Apalagi mendekati hari pernikahan dari Hanjiro yang tidak akan lama lagi terselenggarakan di sebuah Taman Kyoto yang sangat terkenal serta akan banyak tamu penting yang hadir, termasuk Archon Team serta Godfather lainnya.
3 Hari sebelum acara penyelenggaraan pernikahan Hanjiro dan Vassnorla.
Tepatnya larut malam di Kastil tempat Fritz berada.
Vassnorla yang tengah berada di depan pintu kastil luar Fritz berada meminta izin pulang kepada Fritz setelah anak-anak tertidur.
"Aku pulang dahulu, Tuan Fritz." Kata Vassnorla yang membawa sebuah koper besar di tangan kanannya berwarna hitam dan ransel putih besar di belakang punggungnya yang di dalamnya menyimpan senjatanya.
Fritz tersenyum dengan perasaan ikut bahagia mengenai pernikahan Vassnorla yang di adakan tidak lama lagi di Kyoto.
"Terima kasih yah, telah menjaga buah hatiku sampai mereka akhirnya bisa seperti sekarang." Kata Fritz dengan nada ramah.
Vassnorla pun tersenyum sambil mengingat masa-masa dimana dirinya bisa mengasuh anak walau harus di ajari dahulu oleh Kate dan Aurora.
"Aku sangat menikmatinya dan walau anak laki-laki tuan itu terkadang selalu menggunakan kekuatannya, tapi jujur saja aku senang mengasuhnya." Tersenyum bahagia Vassnorla.
Kate yang ada di sana juga pun merasa bahagia. "Nanti jika kau akan punya anak, maka kau sudah tau harus bagaimana mengasuhnya dan memahami mereka karena hasil latihan ini selama 3 tahun."
Aurora yang juga ada di pintu depan kastil luar memberikan semangatnya untuk Vassnorla, "Selamat menempuh hidup baru yah, Vassnorla." Kata Aurora dengan ramah.
Kemudian Kate dan Aurora memberikan pelukan hangat kepada Vassnorla sebelum dirinya pergi ke tempat tinggalnya di wilayah Sweden.
Mereka bertiga sudah seperti keluarga dalam 3 tahun itu, walau tinggal mereka di tempat Aurora berada, tetapi rasa kebersamaannya yang selalu hadir itu membuat kenangan indah bagi mereka bertiga, walau umur mereka tentu sangat jauh.
__ADS_1
Setelah pelukan haru dan sedikit ada tangisan bahagia sebagai seorang perempuan, Vassnorla pun pergi di kawal oleh dua orang dari penjaga kastil Fritz untuk pergi ke tempat Helikopter milik Fritz berada di dalam bukit luar kastilnya berada.

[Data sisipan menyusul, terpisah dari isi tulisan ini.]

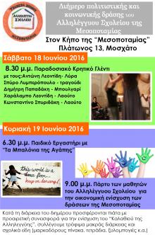 Το Αλληλέγγυο Σχολείο της Τράπεζας Χρόνου της “Μεσοποταμίας”, συζήτησε, αποφάσισε και διοργανώνει το τρίτο,για τη φετινή χρονιά, διήμερο δράσεων κοινωνικού και πολιτιστικού χαρακτήρα, το Σάββατο 18 και την Κυριακή 19 Ιουνίου, στον κήπο της “Μεσοποταμίας”, Πλάτωνος 13, Μοσχάτο.

Malam dingin di musim gugur yang indah dengan angin sepoi-sepoi itu menerpa tubuh hangat Vassnorla serta rambutnya yang terkuncir pony tail.
Rasanya dirinya sangat berat untuk meninggalkan Kastil itu yang berisi 3 anak balita yang selama ini membuatnya ada hiburan dan tentunya Naidan yang dirinya asuh sudah seperti anaknya sendiri.
Sampai Vassnorla menamainya dengan Nadian untuk dirinya saja hingga pada akhirnya di ikuti oleh Aurora dan Kate, Fritz sendiri tidak masalah anaknya di panggil demikian.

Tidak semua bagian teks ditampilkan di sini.